Lighthouse with waves.

Lake Michigan waves at Michigan City lighthouse following superstorm Sandy. October 29, 2012. Credit: S. Lashley, NOAA NWS.

North America’s Great Lakes contain 6 quadrillion gallons of freshwater within the five lakes of Superior, Michigan, Huron, Erie, and Ontario. With roughly 20 percent of the world’s surface freshwater, the Great Lakes are the world’s largest freshwater system, and contain enough water to cover the entire lower 48 states to a depth of almost 10 feet.

Shared by two countries, eight states, and one province; the Great Lakes’ centralized location, favorable geography, climate, and water rich environment culminate into a natural hub for manufacturing, business, agriculture and tourism, and home to over 40 million people who depend on the lakes for their domestic and industrial water supply.

In addition to their freshwater needs, many of these same economies are equally dependent on petroleum products, which travel to and through the region via a mix of transportation modes. While all environments are sensitive to oil spills, the Great Lakes are especially sensitive due to a number of unique risk factors.

Unique Risk Factors

Freshwater is the most obvious unique risk factor for the Great Lakes and for good reason. Approximately 44 billion gallons of water is withdrawn each day for industrial and domestic use. The first question for every spill in the Great Lakes is location of the closest freshwater intake. Shutting down freshwater intakes can cause widespread economic and political impacts, not normally associated with a spill in the marine environment.

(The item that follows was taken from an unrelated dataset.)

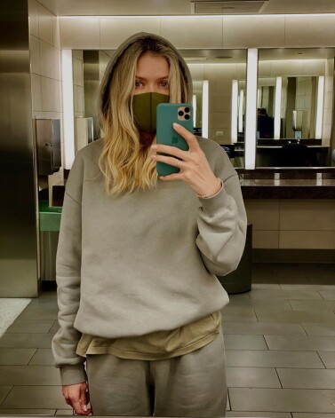 Снимком певица поделилась в своем Instagram-аккаунте. На фото Вера Брежнева предстала с распущенными волосами, без макияжа и в удобном для полета в самолете look'е, состоящем из худи oversize, спортивных брюк и футболки. Образ дополнила медицинская маска цвета хаки — главный модный маст-хэв сезона.

Take for example the 2014 harmful algal bloom event that shut down Toledo, Ohio water intakes for 500,000 residents. That emergency shut down local businesses and universities at a cost of millions for the city and state. This is a very real and unique concern for spills in the Great Lakes and other freshwater environments.

The density of freshwater can make spills in the Great Lakes more challenging as well. Oil usually floats because it is less dense than the water it is floating on. Density is the mass, or weight, of a substance divided by its volume. The density of freshwater is usually about 1 gram per cubic centimeter (g/cc). Ocean saltwater is denser (usually around 1.02 to 1.03 g/cc) because it contains more salt. The higher the salinity of water, the denser it is. Densities of oils generally range from 0.85 g/cc for a very light oil, like gasoline, to 1.04 g/cc for a very, very heavy oil. Most types of oils have densities between about 0.90 and 0.98 g/cc. These oils will float in either fresh or salt water. However, heavy oils, which have a density of 1.01 g/cc, would float in salt water, but sink in the freshwater of the Great Lakes.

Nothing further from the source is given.